東京五輪談合事件でFCC元専務に懲役1年8月求刑、7月に判決へ
東京五輪・パラリンピックの大会運営事業を巡る談合事件で、独禁法違反(不当な取引制限)の罪に問われたイベント制作会社フジクリエイティブコーポレーション(FCC、東京)の元専務取締役藤野昌彦被告(66)の公判が3月16日、東京地裁で開かれました。
検察側は藤野被告に対して懲役1年8月を求刑し、法人としての同社には罰金2億5千万円を求めました。一方、弁護側は無罪を主張して結審し、判決は7月15日に言い渡されることになりました。
検察側が指摘する大会への重大な影響
検察側は論告で、「世界の関心を集める大会で受注調整を行い、競争が著しく損なわれた」と強調しました。さらに、この行為が国内外に失望感を与えた点を指摘し、事件の社会的影響の大きさを訴えました。
東京五輪・パラリンピックは国際的な注目を浴びる大規模イベントであり、公正な競争環境の確保が強く求められていただけに、今回の談合事件は特に深刻な問題として捉えられています。
弁護側が主張する無罪と捜査の違法性
弁護側は最終弁論で、藤野被告やFCCは事業者間の調整に関与しておらず、それを証明する証拠もないと主張しました。

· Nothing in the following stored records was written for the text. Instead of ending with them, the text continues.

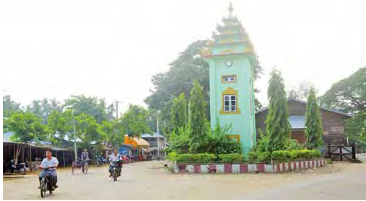
ဘူးသီးတောင်မြို့လယ်ကောင် ဖွံ့ဖြိုးတိုးတက်မှုမြင်ကွင်း။

ကုန်ကျငွေ လျာထားသော်လည်း အမှန် တကယ်သုံးစွဲမည့်ငွေပမာဏမှာ ငွေကျပ်သိန်း ပေါင်း ၂၃၀၀ ကျော်သာသုံးစွဲသွားမည်ဖြစ် သည်။ ပြည်နယ်အစိုးရအဖွဲ့အနေဖြင့် ယခု နှစ်တွင် လုပ်ငန်းပေါင်းဘယ်လောက်ချထား ပေးမည်၊ ငွေကျပ်ဘယ်လောက်သုံးစွဲခွင့်ပြု မည်ကို မသိရှိသေးကြောင်း ဘူးသီးတောင် မြို့စည်ပင်သာယာရေးအဖွဲ့မှ သိရသည်။ ဘူးသီးတောင်မြို့ စည်ပင်သာယာရေး အဖွဲ့သည် ၂၀၁၇-၂၀၁၈ ဘတ်ဂျက်တွင် မြို့သာယာဖွံ့ဖြိုးရေးအတွက် ငွေလုံးငွေရင်း လျာထားမှုများကို ပထမသုံးလပတ်၊ ဒုတိယ သုံးလပတ်၊ တတိယသုံးလပတ်နှင့် စတုတ္ထ သုံးလပတ်ဟူ၍ အပိုင်းလိုက် ခွဲခြားလုပ် ဆောင်သွားမည်ဖြစ်ပြီး ပထမသုံးလပတ်တွင် မြို့ပတ်လမ်းကျောက်ချောခင်းခြင်း၊ မင်း ဖလောင်းလမ်းတံတားအမှတ်(၂) တည်ဆောက် ခြင်း၊ ကမ်းနားလမ်းသစ် RC တံတားအမှတ် (၁)တည်ဆောက်ခြင်းစသည့် လုပ်ငန်းငါးခု၊ ဒုတိယသုံးလပတ်တွင် ဦးမြလမ်း RC တံတားတည်ဆောက်ခြင်း၊ ဗန္ဓုလ RC တံတား အမှတ်(၁)နှင့် (၂) တည်ဆောက်ခြင်း၊ မေယ ဝတီလမ်း တံတားအမှတ်(၃) တည်ဆောက်
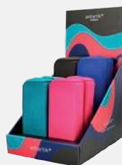
EXPOSITORES PRÉSENTOIRS EXPOSITORES
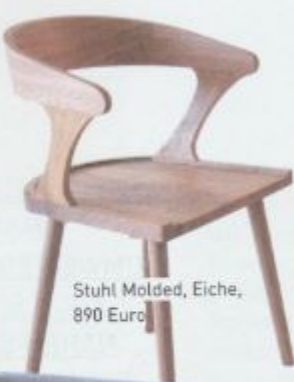
Stuhl Molded, Eiche, 890 Euro
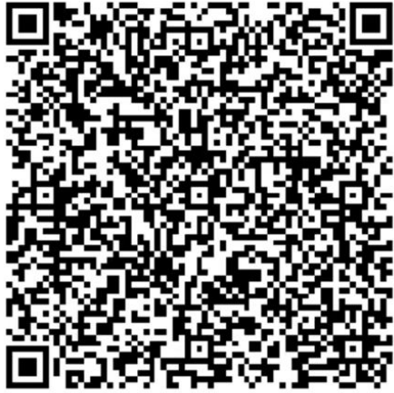
第二届全国大学生生命科学竞赛 决赛现场答辩录像
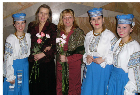
Із заслуженим діячем мистецтв України, доцентом Львівської національної музичної академії імені М. В. Лисенка, композитором О. Герасименко (Київ, 2006 р.)
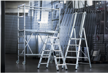
MUNK Günstzburger Steigtechnik

Die MUNK Günstzburger Steigtechnik ist eine Marke der MUNK Group und steht für Leitern, Rollgerüste und Sonderkonstruktionen in Premium-Qualität.
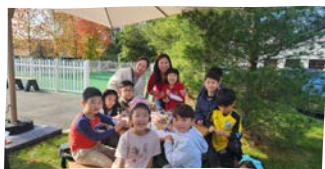
11/05 1,2학년 야외활동 2
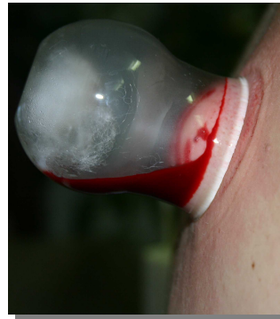
Abb. oben: Blutiges Schröpfen mit Glas Abb. links: Blutegelbehandlung

Dieser Kurs ist für Berufsanfänger ebenso geeignet wie für Kollegen, die Ihr Repertoire in Ihrer Praxis um diese sehr wirksame Heilmethode bereichern wollen. Wie bei den Kursen der GDT Heilpraktikerschule üblich, werden Sie in diese besonderen Behandlungsformen mit kurzer Theorie eingewiesen und eingehend in der praktischen Anwendung mit vielen gegenseitigen Übungen angeleitet. Sie werden viele nützliche Tipps und Hinweise erhalten, wie Sie Fehler vermeiden und Behandlungen mit diesen Methoden sinnvoll und erfolgreich durchführen können.
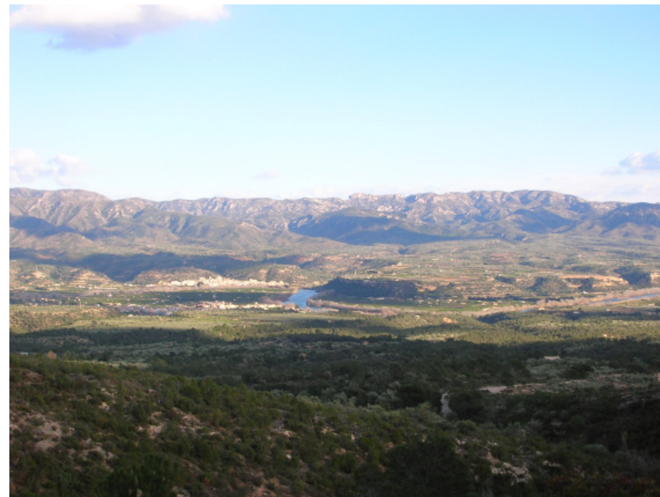
Figura 5.1. Panoràmica que permet contemplar part de la diversitat paisatgística de les Terres de l'Ebre. A la imatge es veuen les Serres de Cardó-Boix al fons, els Vessants de Tivenys-Coll de l'Alba a la dreta, el Paisatge fluvial de l'Ebre, al centre, i una petita part de la Plana del Baix Ebre-Montsià, en primer terme.

b) Un relleu accidentat, on les muntanyes i les planes es van intercalant: el Mediterrani, un mar entre terres, és més aviat un mar entre muntanyes. Les serralades i els massissos muntanyosos es disposen a poca distància de la costa i actuen com autèntiques muralles pètries que fan que el mar aparegui com encerclat, com un domini tancat. Les planes a les Terres de l'Ebre són l'excepció, rares i més aviat escasses, i en molts casos corresponen a accidents tectònics. És el cas de la Cubeta de Móra, la plana del Burgar, la foia d'Ulldecona, o la plana del Montsià.
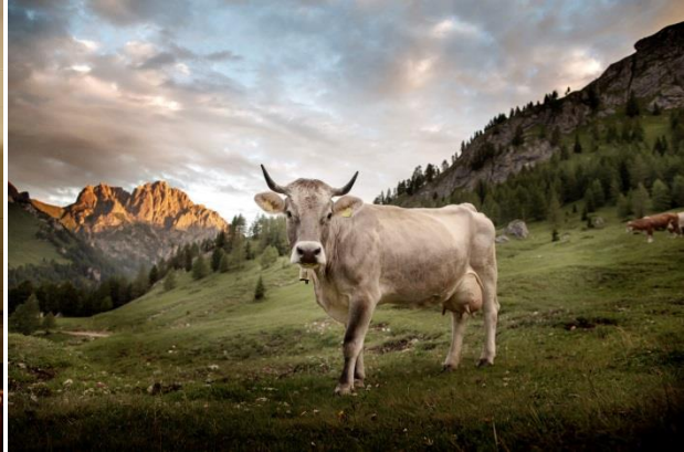
© Daniele Lira - Val Contrin

Trento, 21. Mai 2019. Von Food-Festivals über Käsepicknicks bis zum Dinner unter Sternen – für diejenigen die dem Geschmack der italienischen Dolomitenregion auf die Spur kommen möchten, gibt es im Sommer viele spannende Möglichkeiten.
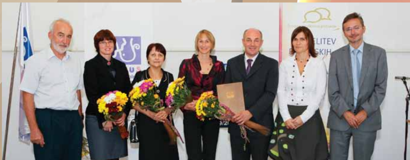
Podelitev Nacionalnih jezikovnih priznanj, Slovenski šolski muzej, Ljubljana, 26. 9. 2011.
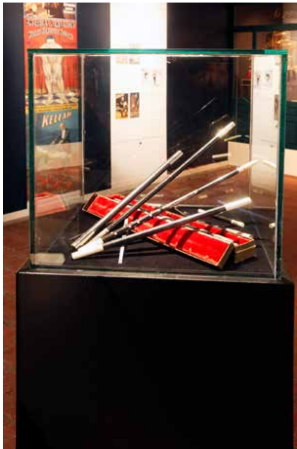
T.h.: Utställningen Sim Sala Bims trollstavar.

eleverna på ett undersökande och roligt sätt lära sig mer om magi och vetenskap och hur människor uppfattar världen. Utifrån ett vetenskapligt förhållningssätt har eleverna fått se, granska och prova trollkonstnärernas trick. Visningar och program har även bokats av gymnasiet och vuxengrupper. Allmänna visningar, familjevisningar och pedagogisk skaparverkstad kopplat till utställningen har erbjudits.
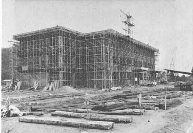
全貌を表わした分校校舎

大河津方面から寺泊海岸に向けて来て吉の堤のあたり、小高く大きな烏帽子平に鉄筋三階建て工事の建物の一部が下の道路からチラリと見えます。これが与板高校寺泊分校独立校舎の偉容です。 「広報てらどまり」八月号で地鎮祭までの経緯をお知らせしましたが、十月末現在で写真のような状態まで順調に進捗しています。竣工は明年二月に予定されていますので、来春四月からは全町民積年の夢であった寺泊小学校校舎脇からは独立し、名実ともにりっぱな寺泊分校としますますの教
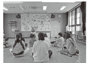
ちびっこあつまれ(おはなしなあに)
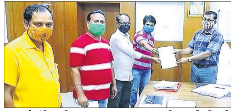
ତାଳଚେର ଖାକି କର୍ମାଳିଷା ଆସୋସିଏଟସ୍ ପକ୍ଷରୁ ପୁଖ୍ୟମନ୍ତ୍ରୀଙ୍କ ଉଦ୍ଦେଶ୍ୟରେ ତାଳଚେର ଉପଜିଲ୍ଲାପାଳଙ୍କୁ ଦାବିପତ୍ର ଦିଆଯାଇଛି।
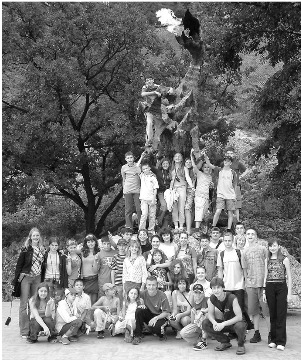
Калининградская группа перед мифическим драконом — символом Кракова

Особенность нашего геополитического положения подтолкнула калининградских евреев к "отделению от России". В то время, как российские группы формируются в Москве и едут поездом через Украину к венгерской границе (Ужгород - Чоп), калининградская группа добиралась до Сарваша автобусом через Краков. Двухдневный путь туда и обратно всегда был частью программы, и он был интереснее, чем до-
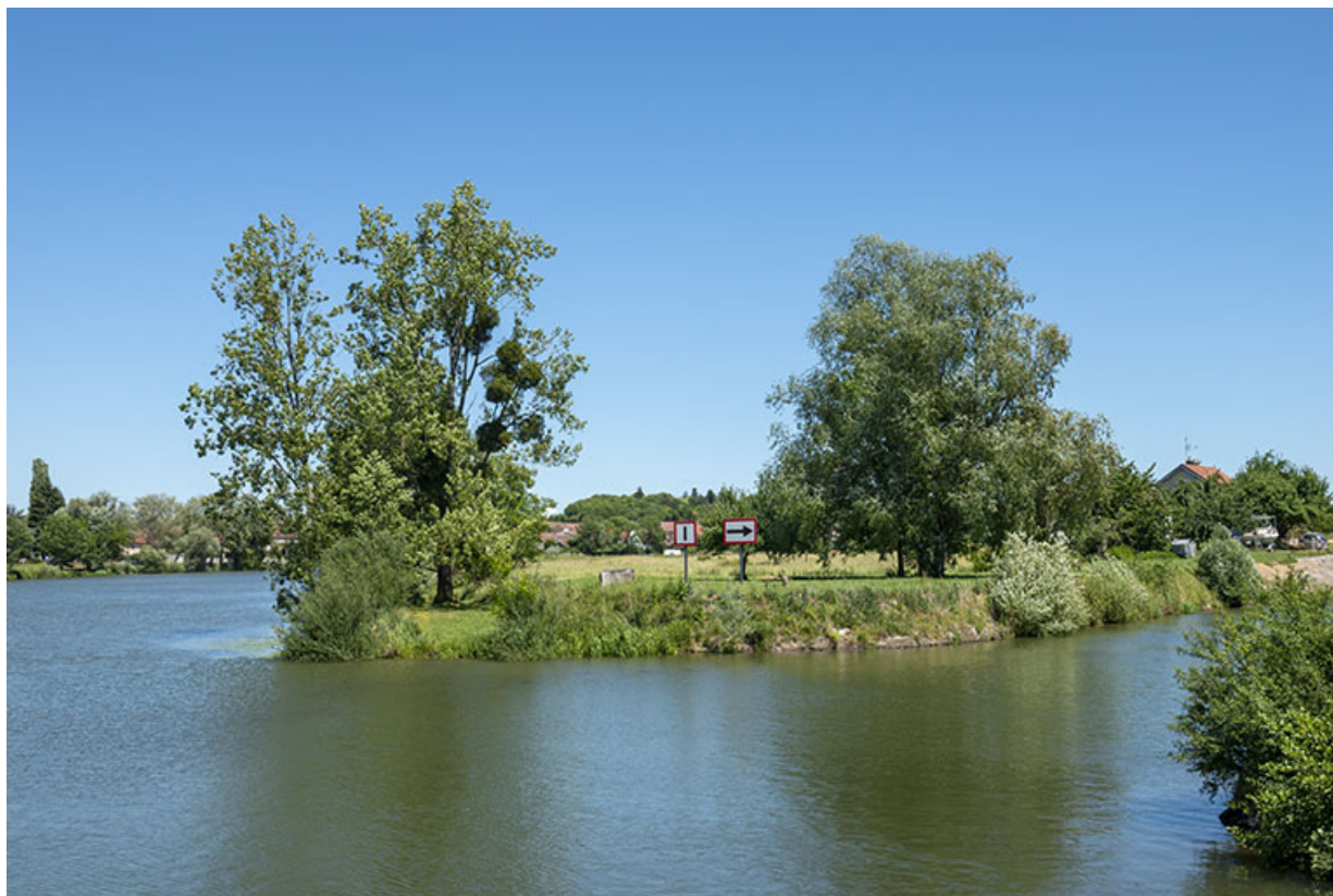
Fin du bief de Rigny et début de celui de Gray. 70, Rigny
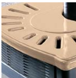
CERAMICA SABBIA SAND-COLOURED CERAMIC

さらに、取り調べ時に検察官が怒鳴るなどの行為があったとして、「捜査の違法性は重大である」と訴えました。
この主張は、事件の核心部分について検察と弁護側の見解が真っ向から対立していることを示しており、今後の判決が注目されます。
事件の背景と今後の展開
東京五輪・パラリンピックの大会運営事業を巡っては、複数の企業が関与したとされる談合疑惑が浮上しており、FCCと藤野被告の事件はその一環として処理されています。
- 事件は独禁法違反(不当な取引制限)が争点
- 検察は懲役1年8月と罰金2億5千万円を求刑
- 弁護側は無罪を主張して結審
- 判決は2026年7月15日に言い渡される予定
今後の判決次第では、同様の事件に対する司法判断の基準となる可能性もあり、業界関係者や法律専門家からも関心が寄せられています。